Audyt regulacyjny: niezmienne dzienniki wejść/awarii, przechowywanie kłód w granicach regionu.
Partnerzy/PSP mają oddzielne klucze/' aud', klucze lokatora i oddzielny JWKS.

15) Lista kontrolna gotowości Prod

• Twarda lista algorytmów; „żaden” nie jest dozwolony.
• sprawdza się „iss/aud/exp/nbf/iat/jti”; krótkie 'exp'.
• pokrywała się JWKS, krótka pamięć podręczna TTL; monitorowanie udziałów „dzieciaków”.
• Odśwież - obrót w użyciu; "jti/sid' listy z TTL; recenzja playbook.
• PoP/DPoP lub mTLS na trasach krytycznych.
• Tylko pliki cookie dla przeglądarki, CSP/Zaufane typy kontra XSS; Ochrona CSRF.
• Brak PII w ładunku; minimalny zestaw znaków.
• Mierniki walidacji i błędów/kłody; alerty JWKS/verify_fail.
• Negatywne testy scenariusza: RS → swap HS, 'kid' -injections, 'jku' spoofing, oversize, clock-skew.

16) TL; DR

Naprawić algorytm i klawisze po stronie serwera, nie ufać 'alg' z tokena, żądać 'iss/aud/exp/nbf/iat/jti'. Obróć klucze poprzez nakładanie się JWKS, zachować żetony krótkotrwałe i odświeżyć jednorazowe.
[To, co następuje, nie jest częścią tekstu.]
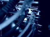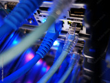 network cables connected to switch - closeup of data center hardware technology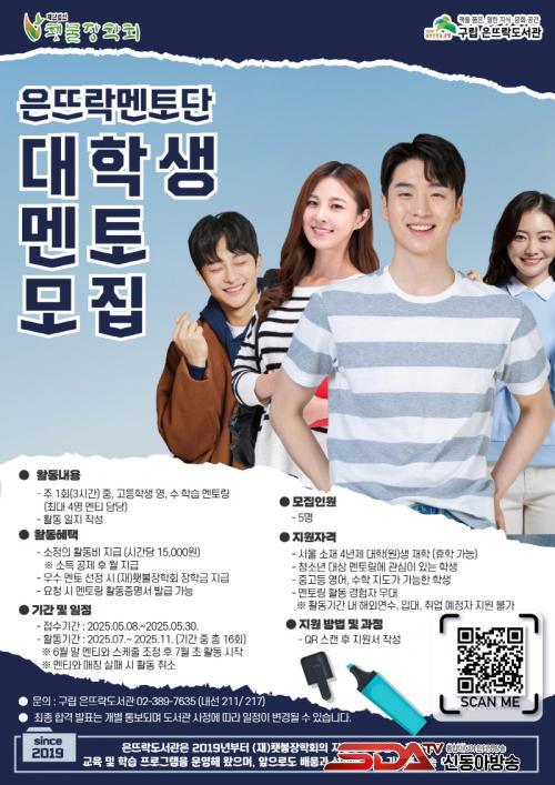 Àº¶ß¶ôµµ¼°üÀº ¿À´Â 30ÀϱîÁö ¡®Àº¶ß¶ô ¸àÅä´Ü¡¯ÀÇ ´ëÇлý ¸àÅ並 ¸ðÁýÇÑ´Ù. Ȱµ¿ ±â°£ÀÎ 7¿ùºÎÅÍ 11¿ù±îÁö ÇØ¿Ü¿¬¼ö, ÀÔ´ë, Ãë¾÷ ¿¹Á¤ÀÚ¸¦ Á¦¿ÜÇϰí, û¼Ò³â ¸àÅ丵¿¡ °ü½É ÀÖ´Â ¼¿ï ¼ÒÀç 4³âÁ¦ ´ëÇлý ´©±¸³ª Áö¿øÇÒ ¼ö ÀÖ´Ù. ¼±Á¤µÈ ¸àÅä¿¡°Ô´Â ¼ÒÁ¤ÀÇ È°µ¿ºñ°¡ Áö±ÞµÇ¸ç, ¿ì¼öȰµ¿ÀÚ¿¡°Ô´Â ȶºÒÀåÇÐȸ ÀåÇбݵµ ¼ö¿©µÈ´Ù.

Bezpiecznie przechowywać żetony (Tylko pliki cookie dla sieci), minimalizować znaczki, nie umieszczać PII. Zamknij wektory 'jku/x5u/kid', unikaj HS256 słabymi tajemnicami, dodaj PoP/DPoP lub mTLS na ścieżkach krytycznych i zawsze wykonuj kontrole BOLA na poziomie zasobów.